5.Peanut butter: I know I’ve already discussed food, but this one is in favour of the Netherlands. In Italy they seem to have no idea about the treasure that in the Netherlands people know as peanut butter. Maybe because they already have plenty of delicious food, but I still miss it. The variety and surprising quality of proper peanut butters you can find in Dutch supermarkets are simply outstanding.

6.Social behaviour and body language: Italian people talk with their hands (I’ve been told that one of the reasons has to do with the fact that Italy used to consist of small kingdoms before it became a unity and to help each other understand their dialect/language they used their hands to convey messages). In general, they talk a lot more. Especially face to face. They regularly go to have a coffee with someone, even though they only have 15 minutes to talk to each other, but at least they have talked face to face. In the Netherlands this is not done so often. If you meet up with someone, you tend to spend more than one hour with each other and if you don’t have time to do this (which is mostly the case) you just write them a quick message instead. Lastly, ending up in elaborate conversations with strangers in the supermarket is way more common in Italy than in the Netherlands.

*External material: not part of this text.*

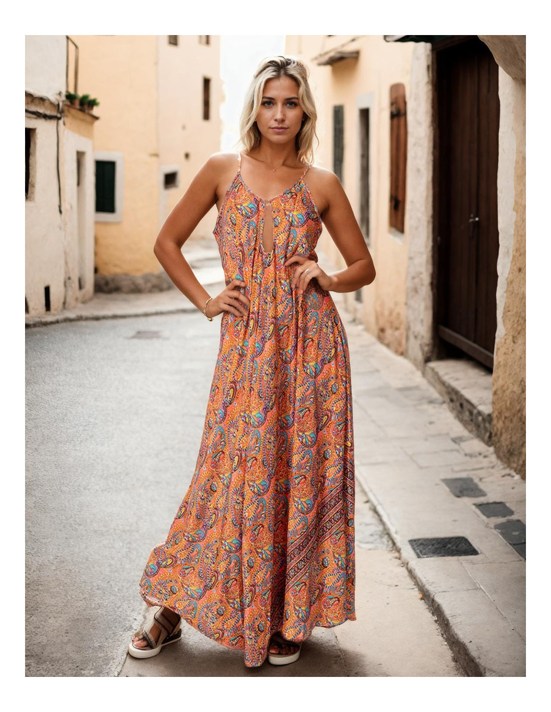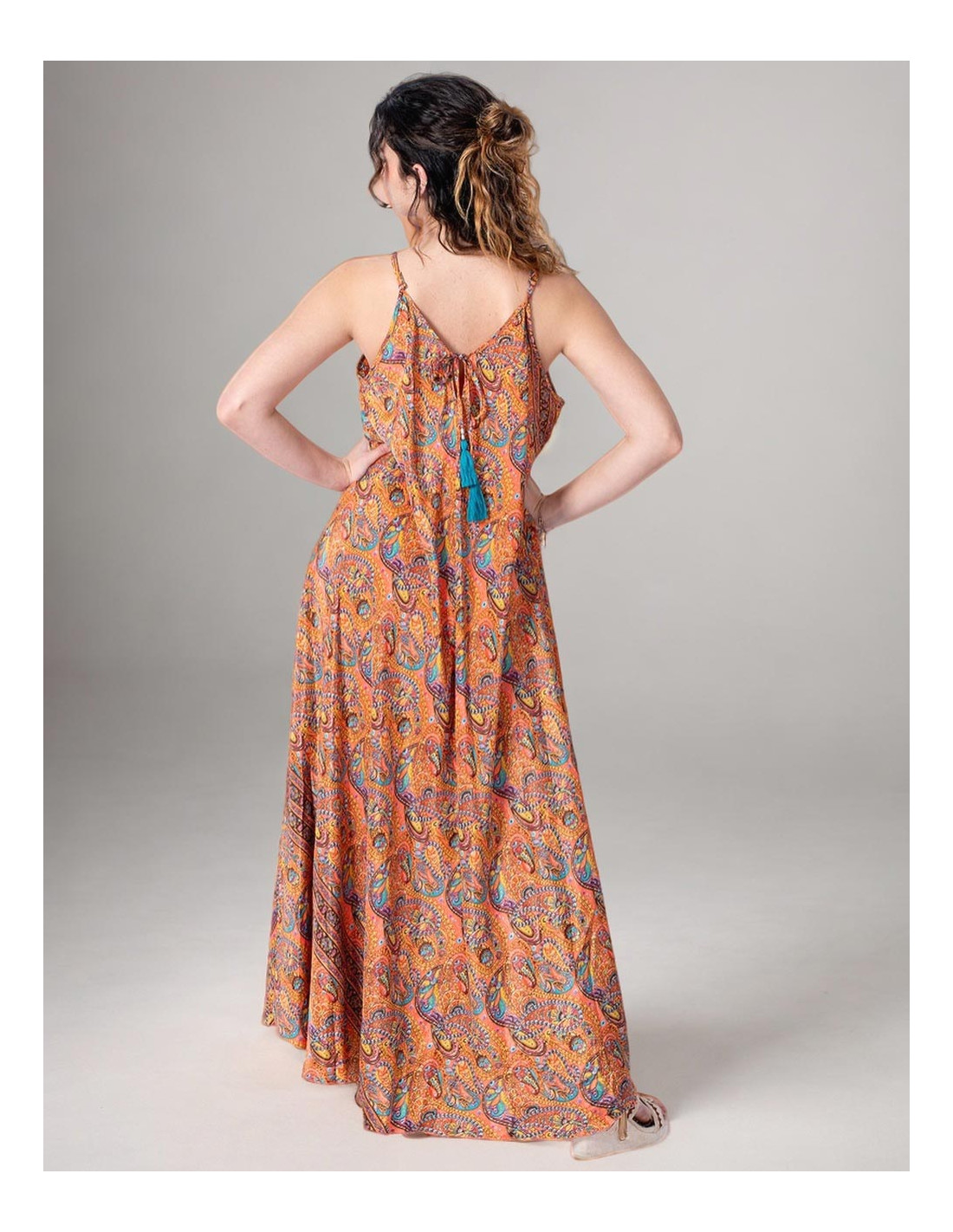 Long jumpsuit with boho style printed with a beige background and drawings inside squares

7.Driving: I think plenty of Dutch parents who go by car to Italy for the first time as a family, are somewhat unpleasantly suprised by the Italian way of driving. In the Netherlands we hold a sacred place in our hearts for our pedestrians and especially cyclists. In Italy they are pretty much ignored. In the north of Italy people tend to drive too fast and in the south of Italy they tend to break any kind of traffic rule. Fortunately, Italians are (at least most of them) technically good drivers. Perhaps even better than the Dutch. However, considering the excellence of Dutch roads and their appreciation of other traffic participants, driving a car in the Netherlands is a much more peaceful means of transporting oneself compared to Italy.

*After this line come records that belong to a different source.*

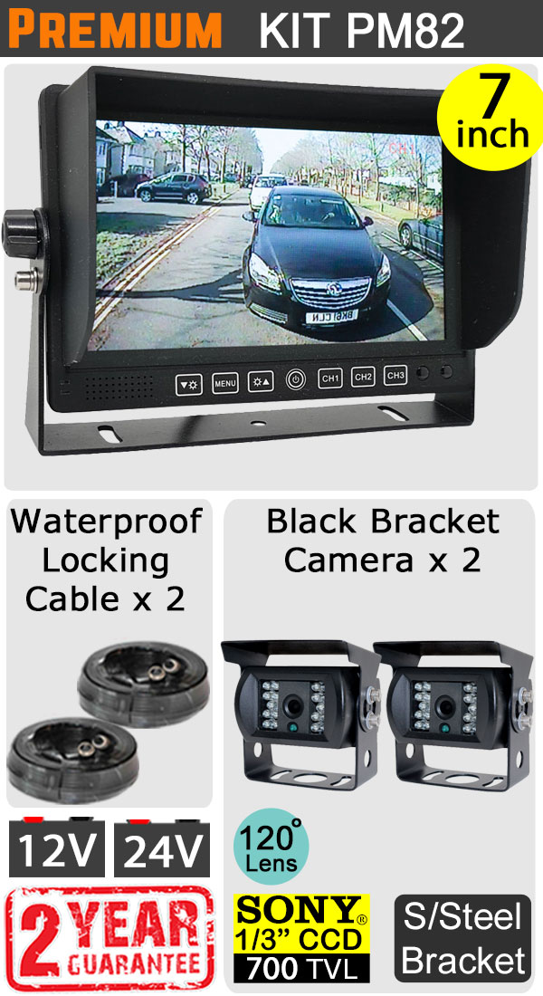 PM82 - Kit with 7" heavy-duty dash monitor + 2x cables + 2x black Sony CCD bracket reversing/general use camera
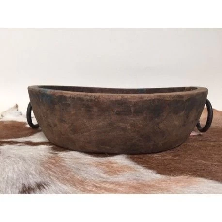 Robuuste schaal met ronde metalen hengsels Diameter 42 cm en hoogte 12 cm.
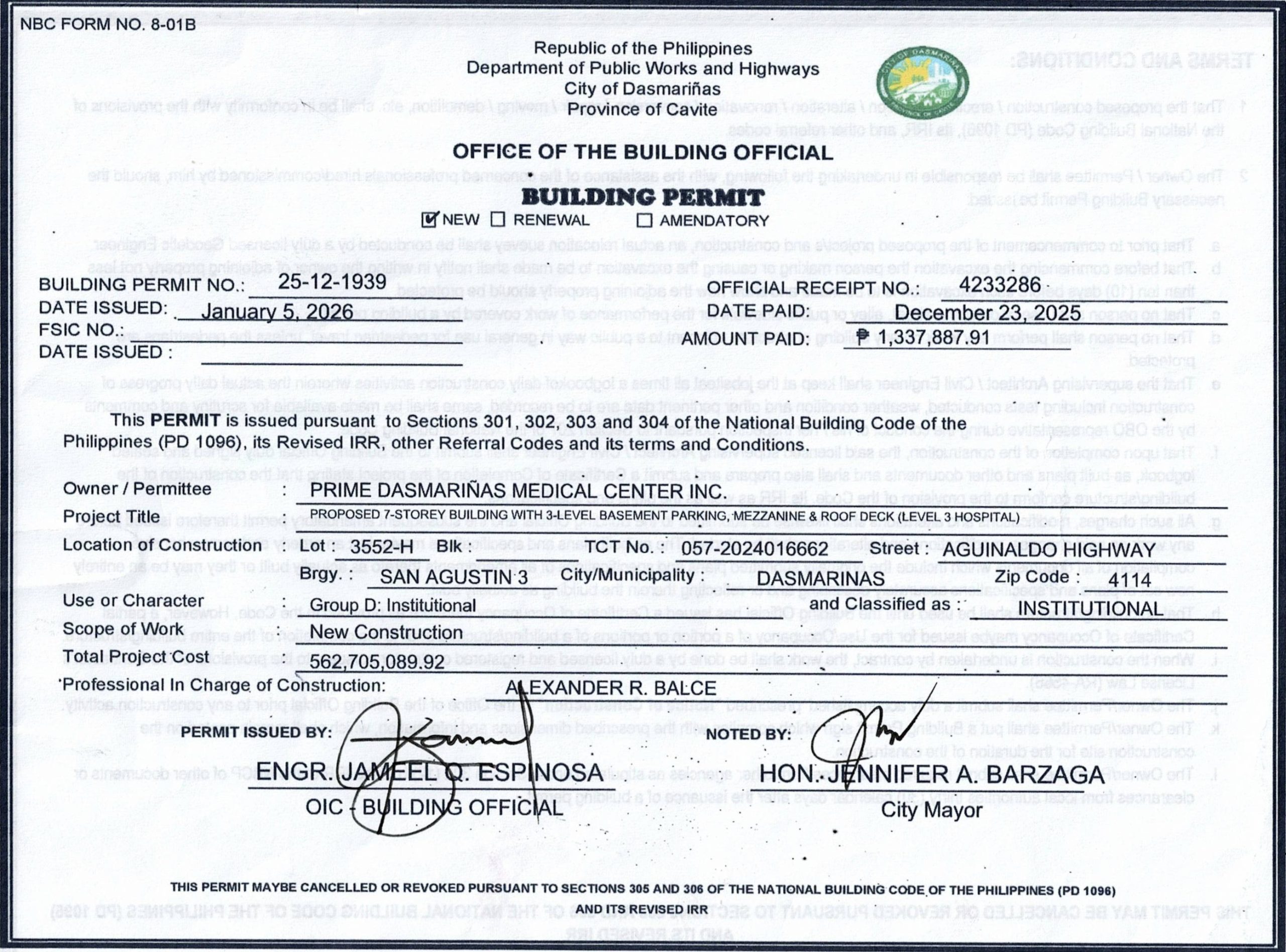 The 28th of January, 2024 marks the beginning of a dream to build a state-of-the-art hospital in the progressive city of Dasmariñas in Cavite.
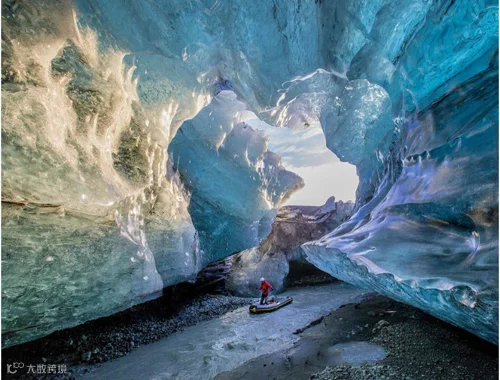 一位漂流者在瓦特纳冰原上,瓦特纳冰原是冰岛最大的冰川。冰岛横跨在大西洋中部海岭中间,此地是北美洲板块与欧亚板块的分界点,造就了大范围的活跃火山区。
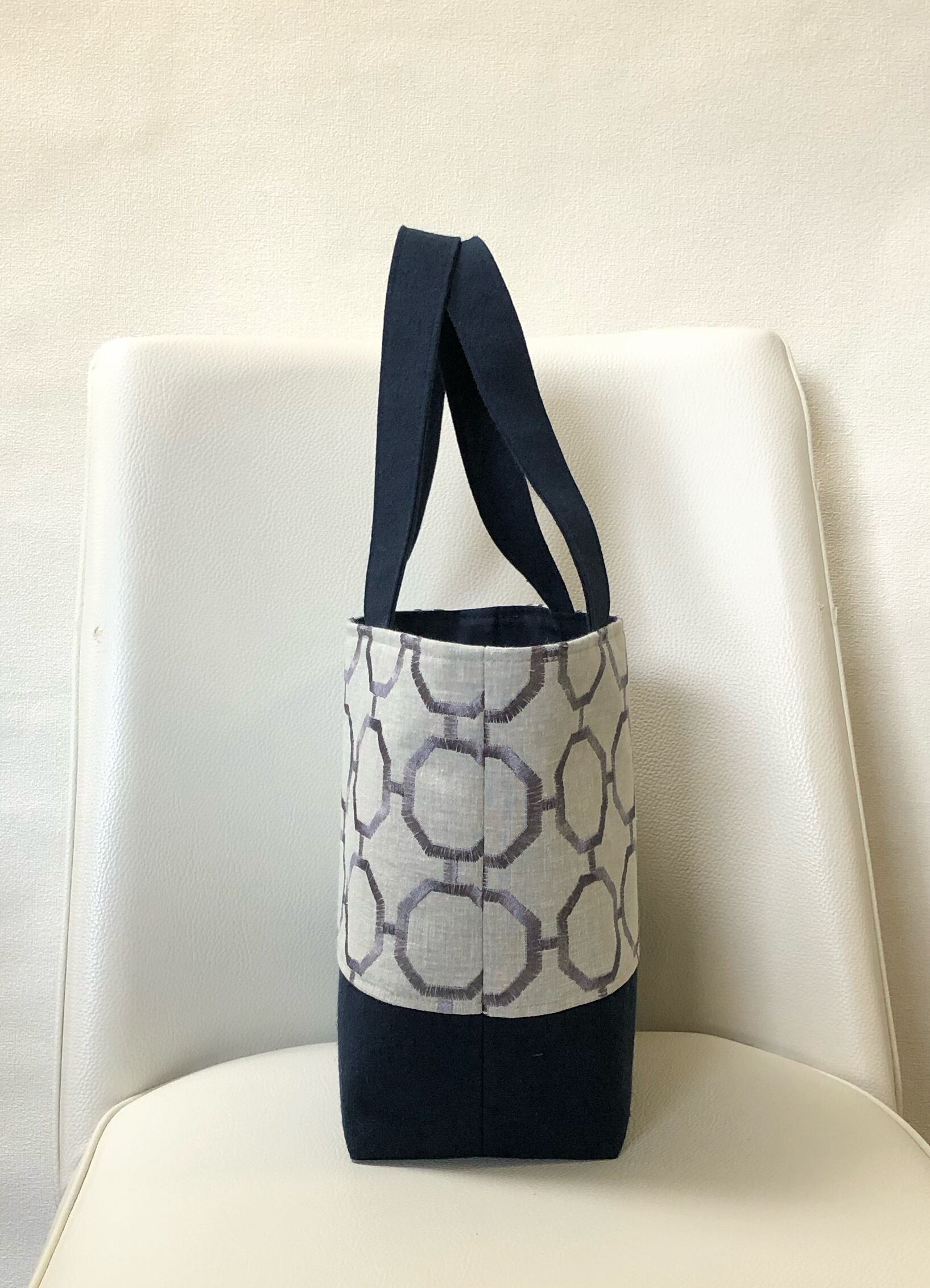 グレー系八角形刺繍のトートバッグ
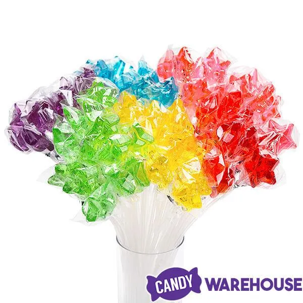 Bag contains 100 Assorted Colors Star-Shaped Hard Candy Lollipops.
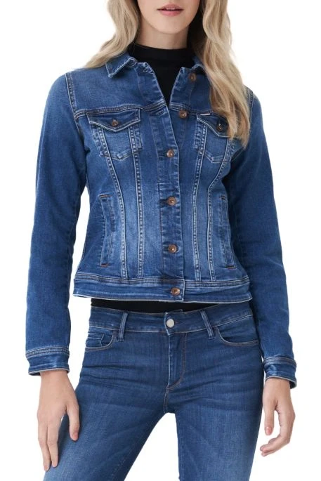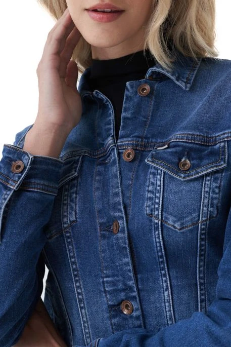 Veste en jean Salsa pour femme. Veste de coupe slim, manches longues, col classique. Poignets boutonés, poches poitrine à rabat boutonné. Ce modèle possède deux poches latérales passepoilées.

8.Being in love: This topic is of course not that black and white. So, I’m now going to generalise a little bit, but keep in mind that when it comes to love, everyone has their own way. What I’ve noticed from my own experience, but also from noticing other people, is that there is a difference in how people express that they’re in love. Public affection in Italy is not unknown, it’s even quite common. In the Netherlands I don’t see public displays of affection that often. That doesn’t mean that people are less in love, it means that generally there is tendency to express it differently. Also, being jealous is demonstrated more openly in Italy, I would say, than in the Netherlands.

9.Living accomodation: Something I’ve noticed is that houses are more or less of equal size in both countries, but in the Netherlands there is often more focus on quality of furniture and decorations. Houses seem to be more frequently updated and modernised. In Italy, however, there is more focus on the garden or terrace. Because of the warmer weather people spend more time outdoors than in the Netherlands and therefore are perhaps less interested in their indoor furniture.

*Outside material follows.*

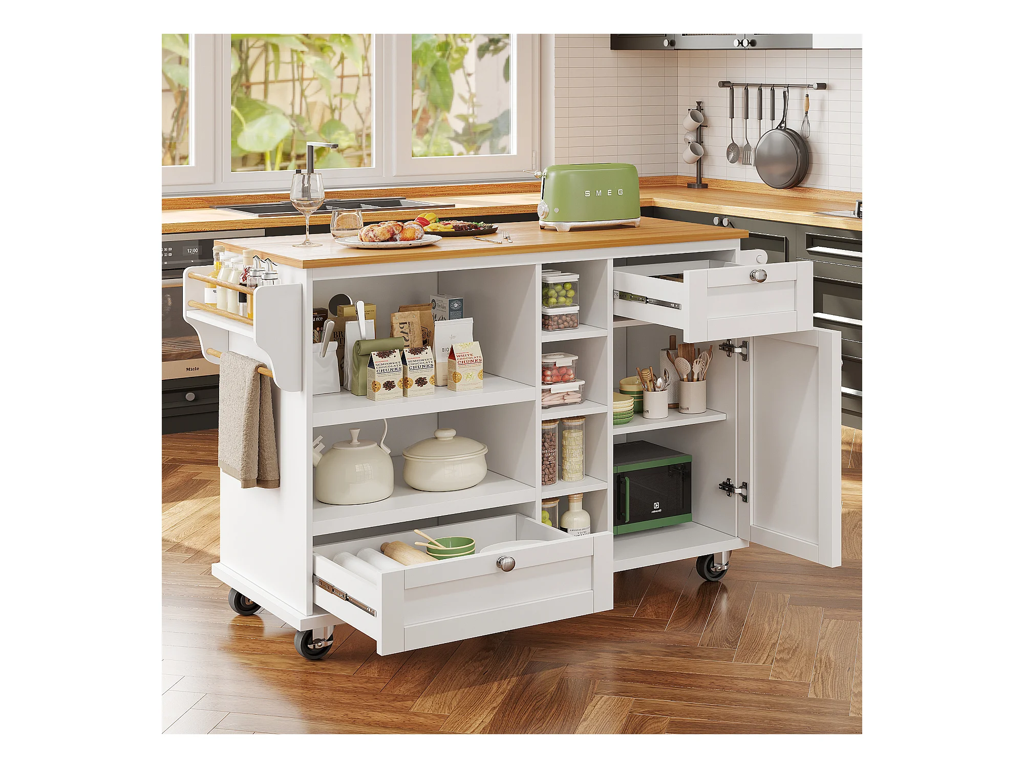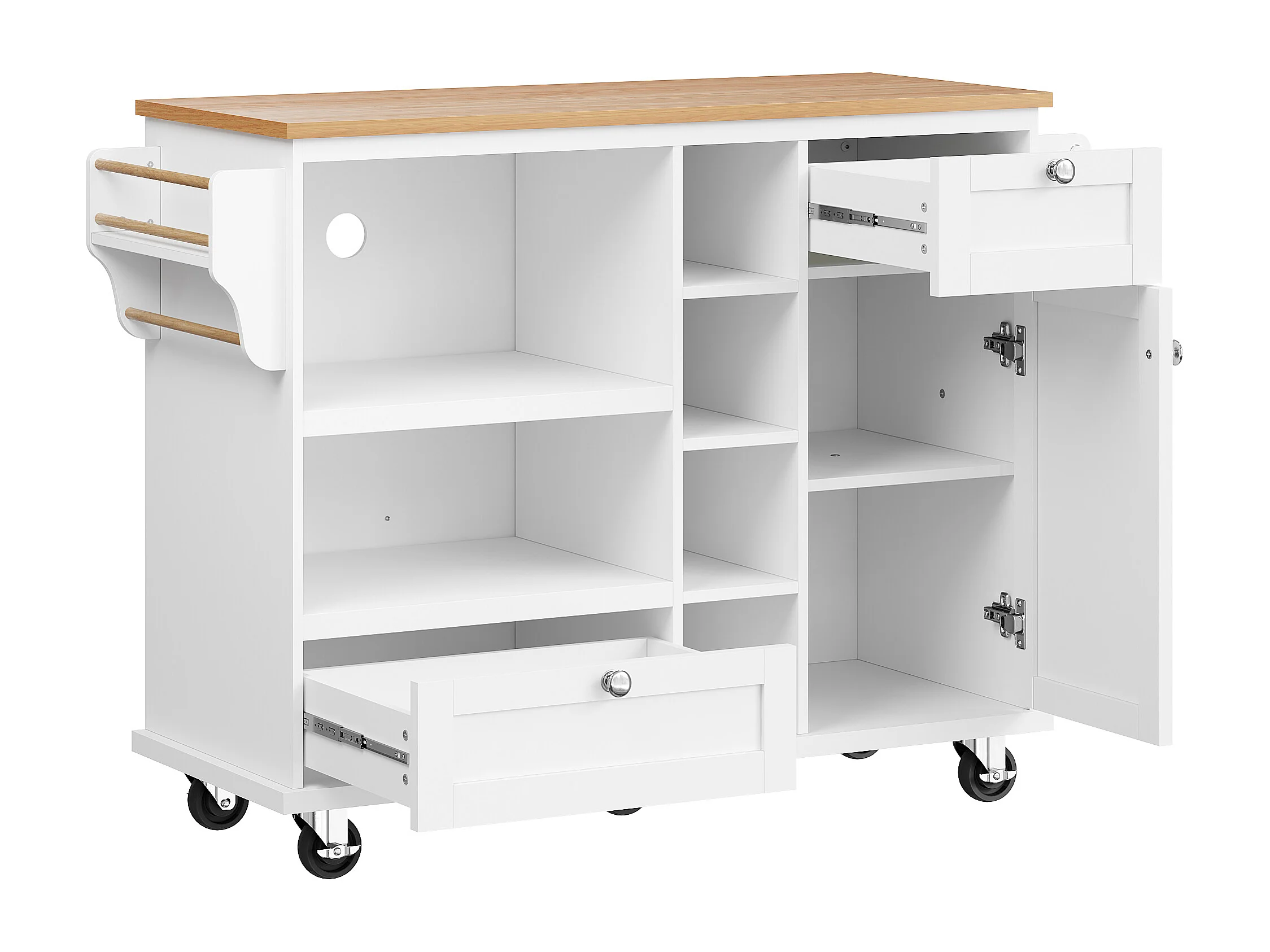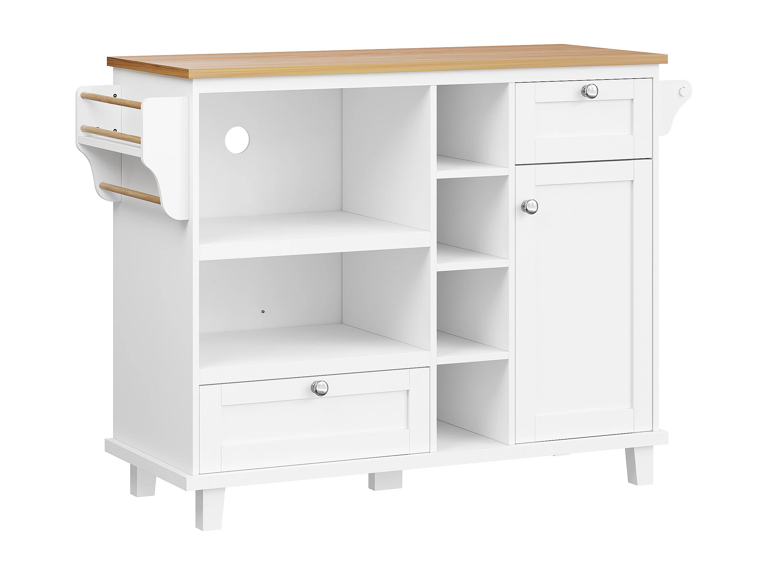 Desserte de cuisine blanche - Desserte de cuisine avec 2 tiroirs et 1 porte - rangement ouvert et porte-serviettes - deux modes d'utilisation

10.Religion: Italy is a more religious country than the Netherlands. Catholicism is still an important part of their culture and community. Even though they don’t really strictly apply the rules that belong to this particular religion and sometimes people don’t even truly believe in God, it’s still such a meaningful aspect of their traditions. So they incoporate it into their life, regardless of their true beliefs. The Catholic part in the Netherlands is relatively small, but in general people go to church less or are not religious at all. I think that neither country is impacted in a negative way by their own approach. It seems to suit both places equally well.

With this last one I’d like to conclude this extensive post. If there’s another striking difference that you feel like sharing, you can write it in the comments.